A Vision Of North Hill, Minehead, Somerset in 2237

£150.00 GBP - £1,500.00 GBP

C-Type Photographic Print on Fuji Matt paper mounted on Duraspec Acrylic with Dibond with wall mounts. Archival. Artwork dimensions are 1000 x 667 mm.

Also available unmounted as 420 x 594 mm and 594 x 841 mm giclée prints.

Digital montage of 102 Petri dishes and PlusPlates made in the Singer Lab, 2024.
This digital composite image has been crafted in Photoshop from photographs. The Colony Cam is a high-resolution camera designed by Singer Instruments that enabled Zoe Snape to document her experiments in Bio Art.

Responding to the Somerset Art Weeks festival theme of “Flux and Flow”, Artist In Residence Zoe Snape, concentrated on her relationship with her local Somerset landscape. Having seen an exhibition of the English Romantic artist J.M.W. Turner’s paintings at Tate Britain, Zoe recalled that the nineteenth century artist had travelled the Somerset and North Devon coast, and wondered if he had ever visited her home town of Minehead and looked at North Hill. Zoe likes Turner. They have some things in common; his Dad was a Barber and used to exhibit his art in his Barbershop. He was born in London but he loved the sea. He feared illness and preferred to be outdoors. And, he’s visited Minehead.

A quick google, offered Turner’s ‘Somerset and North Devon Sketchbook’, from 1811, and there, amongst the pages was ‘Minehead From the Coast’ that is displayed at the beginning of this floor of the exhibition.

Barely there, simple yet confident lines, an enjoyment of contour, and there, on the left St Michael’s Church, where her children were christened, where she married her husband, where she made the decision to return to her creative and countryside roots. It is where two of her best childhood friends lived. Her art teachers lived there too, and still do.

She printed some titles of Turner’s paintings of the South West onto paper that fitted within the confines of a Plus Plate - the rectangular dish in which strains are grown. Then she traced them using several strains of yeast as her paint, onto the surface of agar, the jelly-like substance made from seaweed on which cultures grow.

Zoe went took her sketchbook to Minehead Beach, to the exact location where Turner himself had sat to sketch North Hill. This sparked an idea. Rather than represent North Hill purely figuratively, what would happen if she took Petri dishes up onto North Hill and waved them around in the woods? Rather than draw what she saw, could she scientifically record it? What might these recordings show?

She took petri dishes lined with agar for a walk up North Hill Road into the woods, placing them under umbrellas of ferns, in pillows of moss, balanced on branches of oak trees, along muddy paths, and waited. Inspect the bottom left of North Hill in this composite image, and the dark foreground behind the pink Petri dish, and you will discover what grew from these experiments in bioprospecting.

Zoe had been reflecting upon the difficult time of lockdown in 2020, and thought as we’d survived it, her intention was to push back against Climate Anxiety by imagining a better future, a vision of North Hill 213 years from now (as long away as Turner’s sketch of 1811 is in history).
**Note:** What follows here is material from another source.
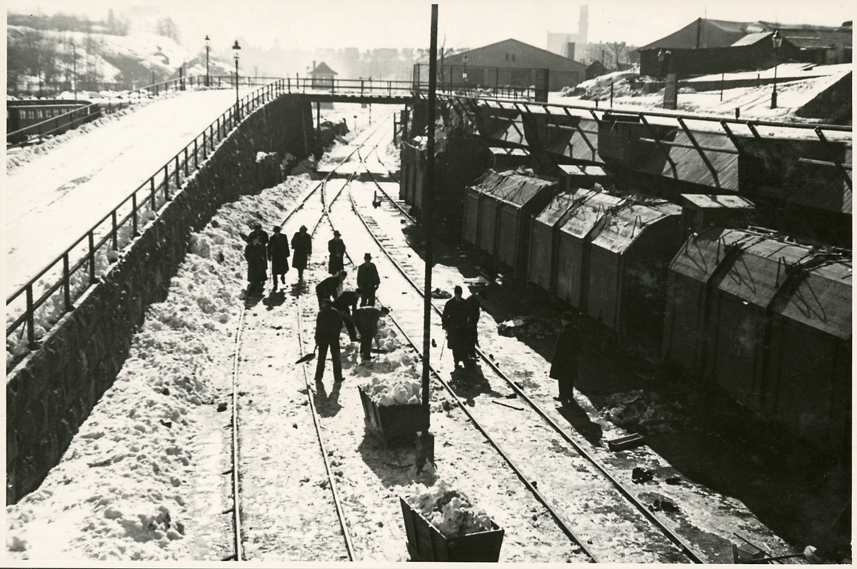 Titel: Bangården vid Stockholm Östra inför elektrifieringen.
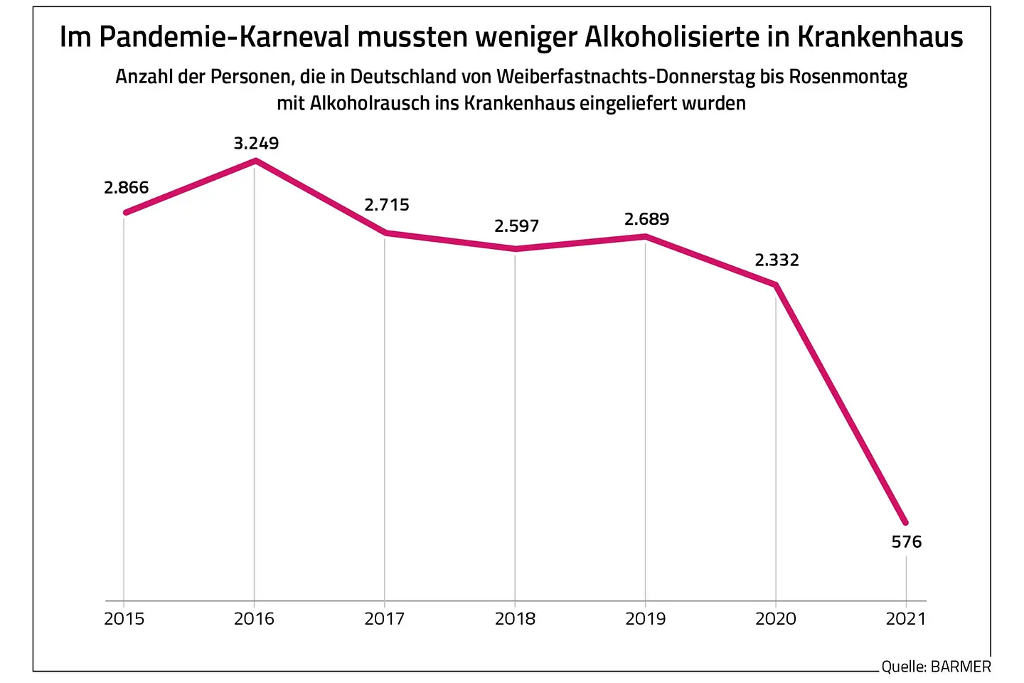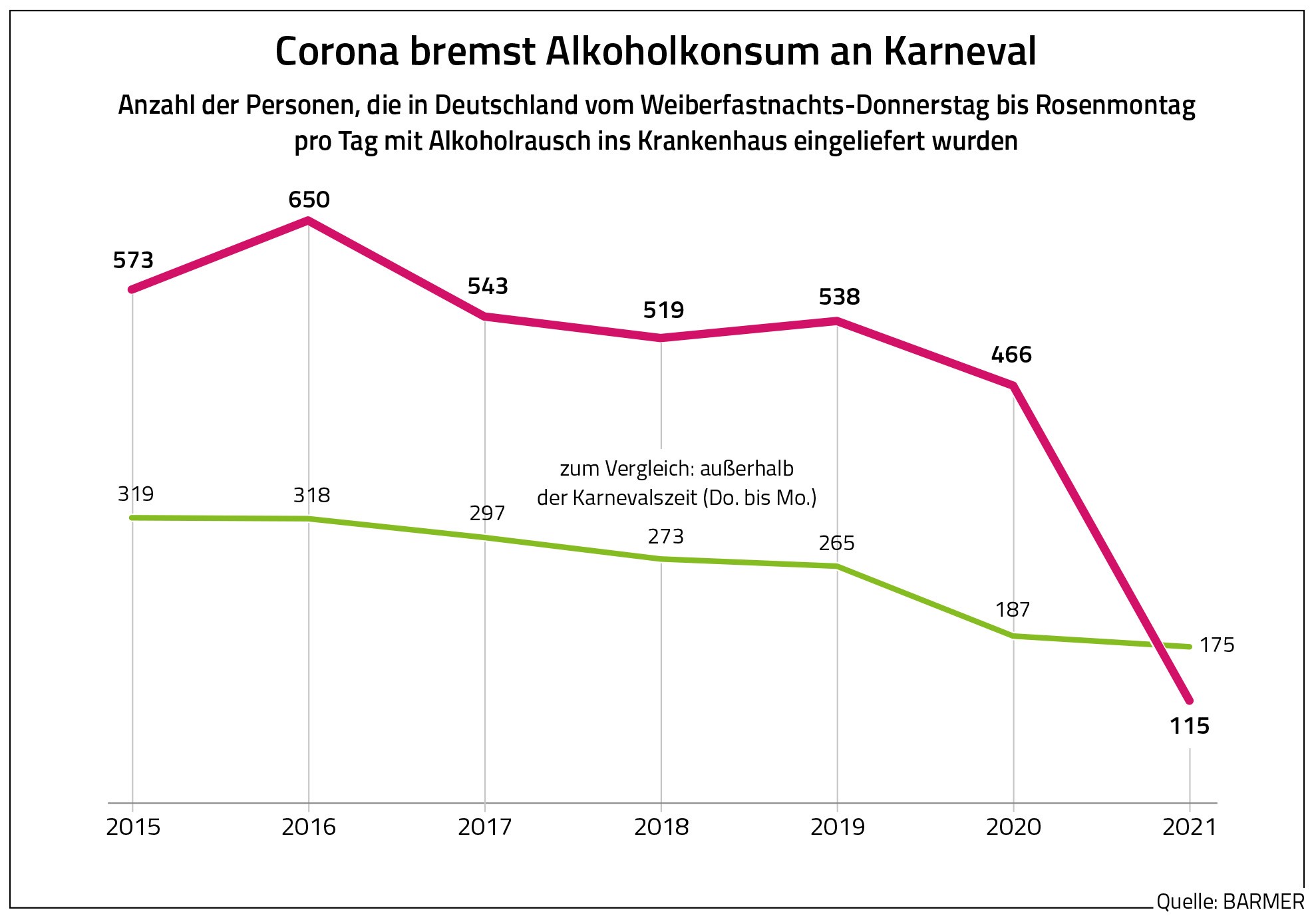 Wie aus der Barmer-Analyse weiter hervorgeht, kamen von Weiberfastnacht bis Rosenmontag des Jahres 2020 bundesweit 2.332 Menschen wegen übermäßigem Alkoholkonsum ins Krankenhaus. Im Jahr 2021 sank die Zahl auf 576 Betroffene, was einem Rückgang von fast 75 Prozent entspricht. „Wegen des Lockdowns kamen während des letzten Faschings viel weniger Menschen als im Vorjahr wegen Alkoholmissbrauchs ins Krankenhaus. Die Fallzahlen lagen sogar unter dem Jahresdurchschnitt“, so Wöhler. So seien während der wichtigsten Faschingstage, von Donnerstag bis Montag, im Schnitt 115 Personen täglich stationär behandelt worden. Über das komplette Jahr betrachtet seien von Donnerstag bis Montag dagegen durchschnittlich 175 stark Alkoholisierte je Tag ins Krankenhaus gekommen. Dieser vergleichsweise höhere Wert könne an dem zeitweisen Ende der Corona-Beschränkungen liegen.

Perhaps its future may be preserved in Petri dishes and PlusPlates. Perhaps giant bubbles of seeds and mycelium. Perhaps the English poet Samual Taylor Coleridge’s words will still echo among the Rhododendrons and old Oak trees with the birdsong of the Chiff Chaffs, Firecrests, Wrens and Blackbirds. Perhaps as Turner himself observed, sun still rises through vapour, light and colour remain, and waves break relentlessly against the wind. Who knows the future of the fox and deer? Zoe chose to keep them here, in their own little bubbles high up on the hill. Contained yet connected to something altogether bigger and expansive, futuristic and hopeful.